Further, in step S104, it is assumed that the probe packet passes through a path from the sender host i to the receiver host j
Figure BDA0003863638160000041
Has a bandwidth of->
Figure BDA0003863638160000042
A total delay from the sender to the receiver of &>
Figure BDA0003863638160000043
Then the bandwidth-delay product is calculated by the following formula:
Figure BDA0003863638160000044
further, step S2 includes:
s201, obtaining a predicted load based on EWMA;
s202, adjusting the EWMA parameters according to the load feedback.
Further, in step S201, the EWMA formula is:
Figure BDA0003863638160000051
wherein
Figure BDA0003863638160000052
Is at decision time t, path->
Figure BDA0003863638160000053
The estimated load of (2); and delta t is the interval between the load data updating time of the latest received detection packet and the decision-making time.
Further, in step S202, each time the probe packet brings back the network load, according to the actual data of the probe packet, the parameters of the EWMA are adjusted based on the following formula:
Figure BDA0003863638160000054
where Δ t' is the time interval between the current and the last received probe packet.
Further, step S3 includes:
s301, path arrangement: the method comprises the steps of sequentially setting a number for each path, wherein the paths adjacent to the number are neighbor paths, the paths with the numbers smaller than the current path are left neighbors, and the paths with the numbers larger than the current path are right neighbors;
s302, traffic scheduling: assuming that m paths leading to the receiving end host j and a series of flow demands F waiting to be sent to the receiving end host j are arranged on the current sending end host i, a jump flow algorithm is adopted,
further, the skip flow algorithm of step S3 includes:
s3021, obtaining a predicted value copy of the path load at the current moment, storing the predicted value copy in the current process in a path-load mapping mode, and distributing the traffic to be scheduled to the paths of the copy one by one;
s3022, randomly selecting a path k, comparing the path k with the paths adjacent to the left and right sides of the path k, obtaining the path with the lowest load on the left and right sides within the range of the path k after recursive comparison, distributing a part of the traffic demand waiting for transmission to the path with the lowest load, and enabling the load on the path to be close to or slightly higher than the adjacent path;
s3023, if the flow demand is not distributed, returning to the step S3022 to randomly select a path again; otherwise, the flow demand is scheduled;
s3024, corresponding to each flow demand, modifying the quintuple according to the mapping relation of the quintuple → the path, and enabling the flow to be transmitted through the pre-scheduled path inevitably on the basis of an ECMP mechanism;
s3025, establishing connection between the sending end host i and the receiving end host j, and carrying out flow transmission;
and S3026, corresponding to the flow demand of each host, performing flow transmission by adopting the steps S3021 to S3025.
On the other hand, the invention also provides the device for load balancing and scheduling of the network traffic of the multi-node high-performance computing cluster, which comprises the following modules to realize the method: .
The load detection module is used for sending detection data packets with different quintuple groups among the hosts, obtaining the mapping relation among the paths of other hosts and the quintuple groups and the load of the paths on each host, and forming a network load table;
the load estimation module is used for estimating the current path load of the network according to the historical load data;
and the balance decision module is used for distributing the flow to each path by the host and finishing the flow scheduling of load balance by adopting the jump flow algorithm module.

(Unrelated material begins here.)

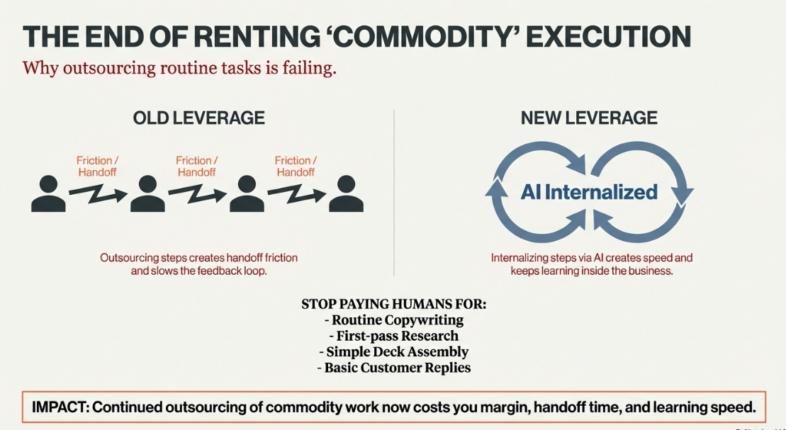 Renting labor is structurally inferior to owning execution when the work is repeatable. If you keep outsourcing commodity steps, you lose margin and you lose learning signals that train your system and your judgment. Meanwhile, AI tends to intensify work unless you intentionally design limits, which punishes operators who “add AI” without redesigning how they operate.
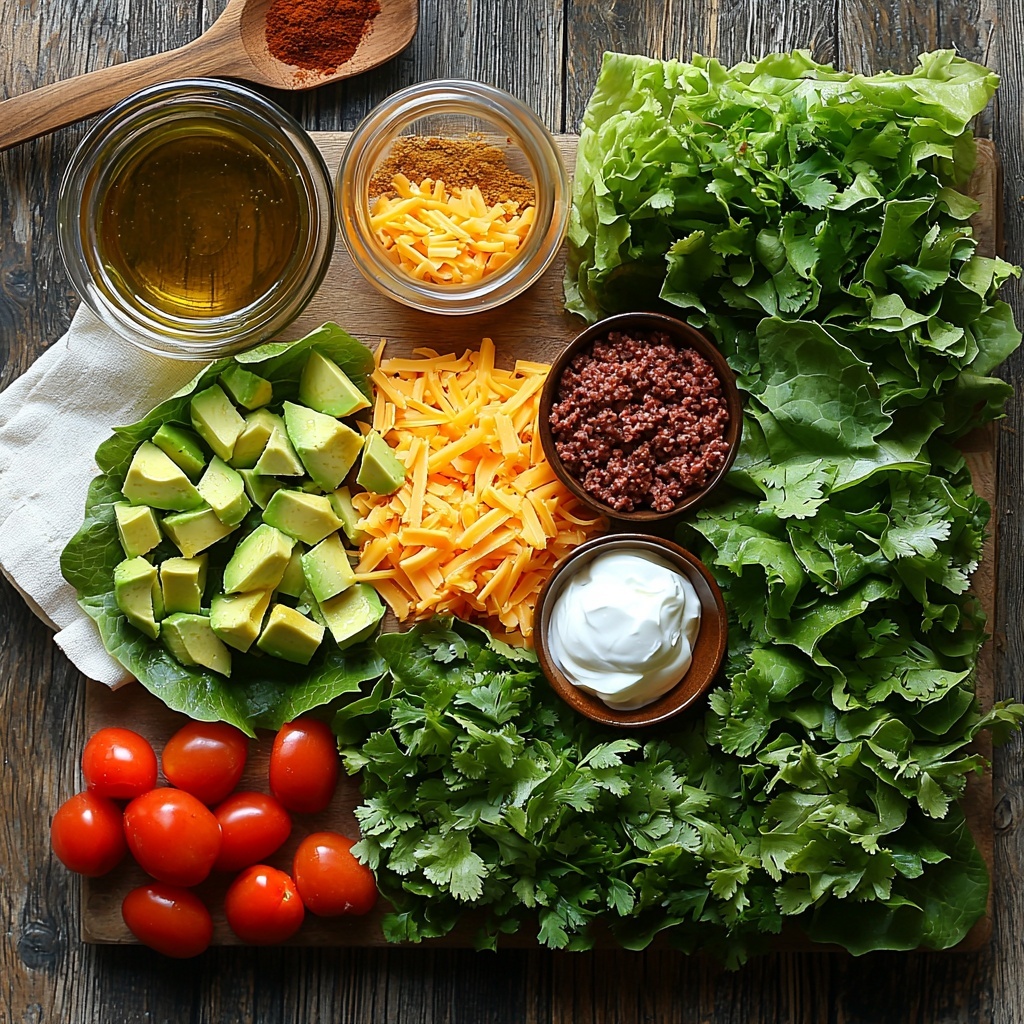 The beauty of this Keto Beef Taco Lettuce Wraps Bowls Recipe lies in its simplicity and the careful selection of ingredients. Each one plays a crucial role in building that perfect blend of savory, creamy, and fresh flavors. From the rich ground beef to the crisp lettuce and creamy avocado, these ingredients come together effortlessly to create a meal that’s as colorful as it is satisfying.

Further, the skip flow algorithm module comprises:
s3021, obtaining a predicted value copy of the path load at the current moment, storing the predicted value copy in the current process in a path-load mapping mode, and distributing the traffic to be scheduled to the paths of the copy one by one;
s3022, randomly selecting a path k, comparing the path k with the paths adjacent to the left and right sides of the path k, obtaining the path with the lowest load on the left and right sides within the range of the path k after recursive comparison, and distributing a part of the traffic demand waiting for transmission to the path with the lowest load to ensure that the load on the path is close to or slightly higher than the adjacent path;
s3023, if the flow demand is not distributed, returning to the step S3022 to randomly select a path again; otherwise, the flow requirement is scheduled;
s3024, corresponding to each flow demand, modifying the quintuple according to the mapping relation of the quintuple → the path, and enabling the flow to be transmitted through the pre-scheduled path inevitably on the basis of an ECMP mechanism;
s3025, establishing connection between the sending end host i and the receiving end host j, and carrying out flow transmission;
and S3026, corresponding to the flow demand of each host, performing flow transmission by adopting the steps S3021 to S3025.
Compared with the prior art, the invention has the beneficial effects that:
the invention provides a multi-node high-performance computing cluster network flow load balancing scheduling method, which completes the detection of network path load through an in-network remote measuring technology, establishes a global view angle and avoids the problem of local blind areas caused by asymmetry; based on EWMA and a network path load detection result, path load is estimated, and accuracy and instantaneity of a load balancing mechanism are improved; based on a skip flow algorithm, a quintuple of sending flow is actively adjusted on a server, the flow scheduling of load balancing is completed by utilizing the stability of an ECMP mechanism of a switch, and the contingency of random routing is added to avoid concurrent path competition.
Drawings
In order to more clearly illustrate the embodiments of the present application or the technical solutions in the prior art, the drawings required for the embodiments will be briefly described below. It should be apparent that the drawings in the following description are merely some of the embodiments described in the present invention, and that other drawings may be obtained by those skilled in the art.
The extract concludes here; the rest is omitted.